What the exercise asks
In the entries below, find the line with "Córdoba, Ver., 18/06/18.- La" and the line with "2023 年秋季,对美国 TikTok". Repeat exactly everything between them, those two lines included, but not the pictures.

Material for this exercise
>>>>

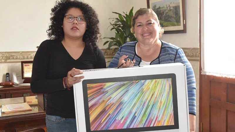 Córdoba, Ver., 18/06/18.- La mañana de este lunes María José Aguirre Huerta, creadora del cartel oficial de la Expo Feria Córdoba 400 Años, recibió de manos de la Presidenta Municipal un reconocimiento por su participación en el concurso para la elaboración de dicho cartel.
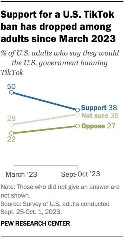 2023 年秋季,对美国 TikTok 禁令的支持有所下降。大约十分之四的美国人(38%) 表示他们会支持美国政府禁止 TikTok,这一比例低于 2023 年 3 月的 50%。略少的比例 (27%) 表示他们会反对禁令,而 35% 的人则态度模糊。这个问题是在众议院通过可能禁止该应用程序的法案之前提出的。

<<<<
>>>>

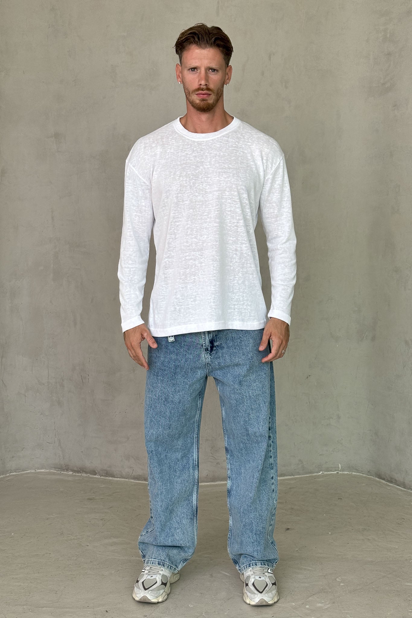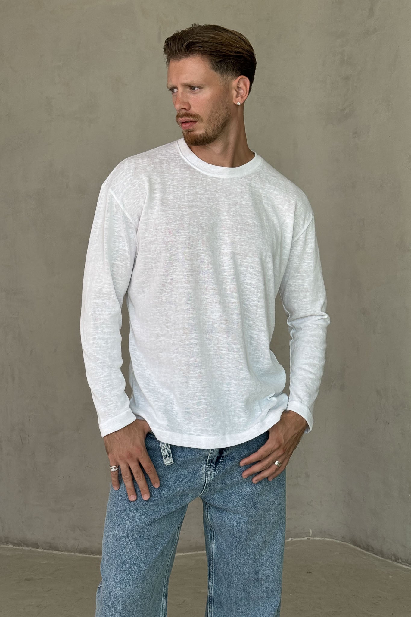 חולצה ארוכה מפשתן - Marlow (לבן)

<<<<

Worked solution
 Córdoba, Ver., 18/06/18.- La mañana de este lunes María José Aguirre Huerta, creadora del cartel oficial de la Expo Feria Córdoba 400 Años, recibió de manos de la Presidenta Municipal un reconocimiento por su participación en el concurso para la elaboración de dicho cartel.
 2023 年秋季,对美国 TikTok 禁令的支持有所下降。大约十分之四的美国人(38%) 表示他们会支持美国政府禁止 TikTok,这一比例低于 2023 年 3 月的 50%。略少的比例 (27%) 表示他们会反对禁令,而 35% 的人则态度模糊。这个问题是在众议院通过可能禁止该应用程序的法案之前提出的。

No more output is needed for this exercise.